How to Handle Multiple Edges in a Routing Problem Using JuMP?

Hi all,

I have a multiple edge graph and I want to solve a routing problem on that. I was wondering how to define a binary variables that accounts for all possible edges that exist between let’s say node i to node j.

I have defined a binary variable x as follows:

x_sets = [(i, j, p, d) for (p, d) in PD for (i, j) in links_pd[(p, d)]]
@variable(model, x[x_sets] >= 0, Bin)

that take a value of one if driver d serve passenger p on link (i,j), where PD is a possible pairs od driver-passenger and links_pd is a dictionary mapping these pairs to their available edges. The issue is that since for some links we have multiple edges, and all have different cost and time. For instance, we have 4 edges with start node 1 and end node 5, and their times are 3.5,1.2,4.7,4.2, respectively. Is there any way to include all of these within x_sets ?

In the objective function it is also difficult to specify that we have multiple edges. how to model this multiple edges correctly?

 @objective(model, Min, sum(Time_pd[(i, j, p, d)] * x[(i, j, p, d)] for (i, j, p, d) in x_sets) )

Many thanks!

I’m not sure if it’s possible to easily represent a directed multi-graph using binary variables, unless you knew for example there could not be more than n edges between any two vertices and you had n binary variables for each of those possible edges.

It sounds like you already know the total possible set of edges, because you are able to define links_pd? If you didn’t, I suppose you could define x as a “matrix” of Int to model the presence of multiple edges between nodes. But because you have links_pd perhaps you can rethink the data structure to be an array of binary variables of length equal to the number of edges in links_pd? This a bit more natural in terms of how we’d represent this kind of graph as a database, as a set of Edge and a set of Vertex, and 2 functions giving the src and tgt vertex associated to each edge.

Hope I didn’t misunderstand anything.


You need a separate binary variable for each edge, not each pair of origin-destination nodes.

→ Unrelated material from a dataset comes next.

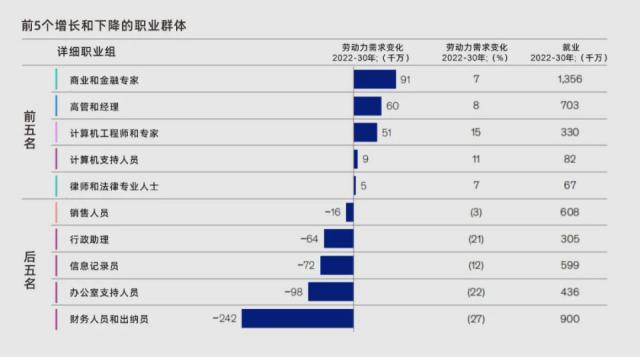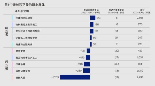 批發(fā)零售和制造業(yè)受影響大。到2030年,預(yù)計(jì)分別有280萬(wàn)和210萬(wàn)人需重新?lián)駱I(yè)。批發(fā)零售業(yè)中,自動(dòng)售貨機(jī)等重構(gòu)流程,收銀員等崗位將被替代,而經(jīng)理類等職業(yè)需求增長(zhǎng)。制造業(yè)中,一線基礎(chǔ)技能崗如生產(chǎn)工人等將被取代,工程師等人才需求增加。

So, there’s no package for somehow automatically handling multiple graphs. Yes, I also thought that the way is to have separate variables. Thank you both @slwu89 and @odow for your thoughts and suggestions.

1 Like

At the risk of suggesting something too niche, I’ll point out that Catlab.jl can model complex relational data in this way. Here’s a small example of defining a schema for a directed multi-graph where edges may have a time attribute (the code in the @present macro; you can read Ob as a “table”, Hom as foreign keys, and Attr as a column of a table), and creating a data instance on that schema.

That being said looking back at this, I wonder if you might consider a bipartite graph with multiple edges as a more natural data structure for this data (presumably there’s no driver-driver or passenger-passenger links).

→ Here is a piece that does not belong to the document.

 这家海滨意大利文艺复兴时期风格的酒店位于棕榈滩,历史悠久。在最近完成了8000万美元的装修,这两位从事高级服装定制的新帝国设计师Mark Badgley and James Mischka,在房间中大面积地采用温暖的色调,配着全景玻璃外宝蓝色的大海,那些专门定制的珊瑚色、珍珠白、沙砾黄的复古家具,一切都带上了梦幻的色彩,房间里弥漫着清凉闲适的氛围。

using Catlab, ACSets, Tables

@present DriverPassenger(FreeSchema) begin

@acset_type DriverPassengerData(DriverPassenger, index=[:src,:tgt])

sample_data = @acset DriverPassengerData{Float64} begin

# get the source node of edge 1

# get the target node of edge 1

# get the time of edge 1

# get all edges with target node 2
incident(sample_data, 2, :tgt)

# can easily iterate with Tables.jl interface
sample_data_tb = tables(sample_data)

# this is iterable

Thanks again @slwu89, this library is totally new to me. So, I’ll look into it.
No a bipartite graph won’t be multiple edges, as by multiples edge I want to only look into those cases where the start and end node have the same labels.

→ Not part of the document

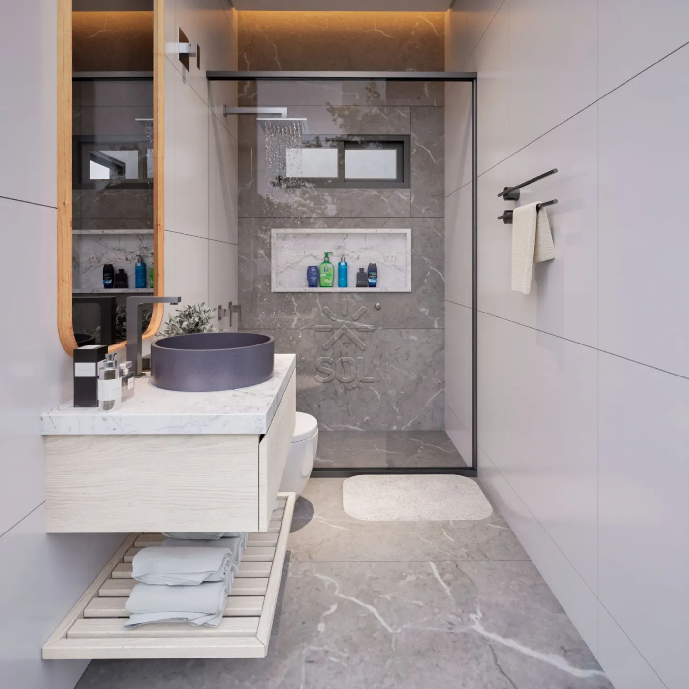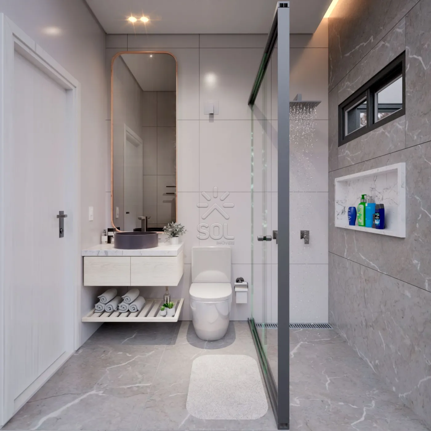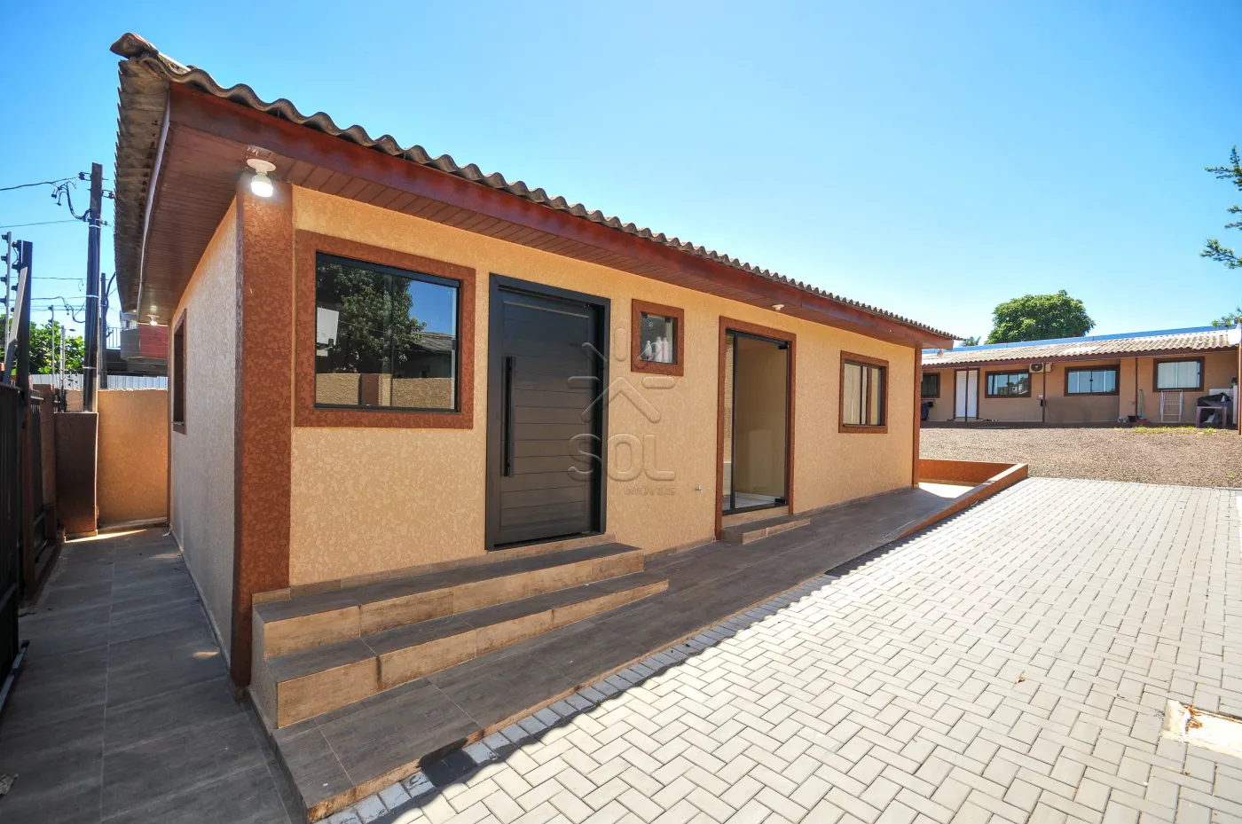 Diferenciais: Esquadrias de alumínio preto com tela mosqueteiro nos quartos; portas internas em mdf revestidas com pvc na cor cinza; rodapés em porcelanato embutidos; tubulação para água quente/fria; instalação para ar condicionado em todos os comôdos; espaço para piscina.

@F_A just wanted to check if you had any luck with this problem.

Also, somewhat selfishly, I’m a contributor to Catlab/ACSets and I’m interested to see if these data structures can actually help out your use case, but I don’t have enough information about the problem yet to help with more concrete code.

1 Like

Hi @slwu89.
Thanks for this library and your help! I read it a little bit but did not get a chance to try it because I had already written everything in Jump, and it turns out that the easier option was to reformulate the model slightly at the end.
Thanks again!


I’m glad to hear you got it working!

For what it’s worth, if you are still interested, I’d love to take a look at any sample data you’d be willing to share, to see if acsets can help smooth the connection between data representation and an optimization problem in JuMP.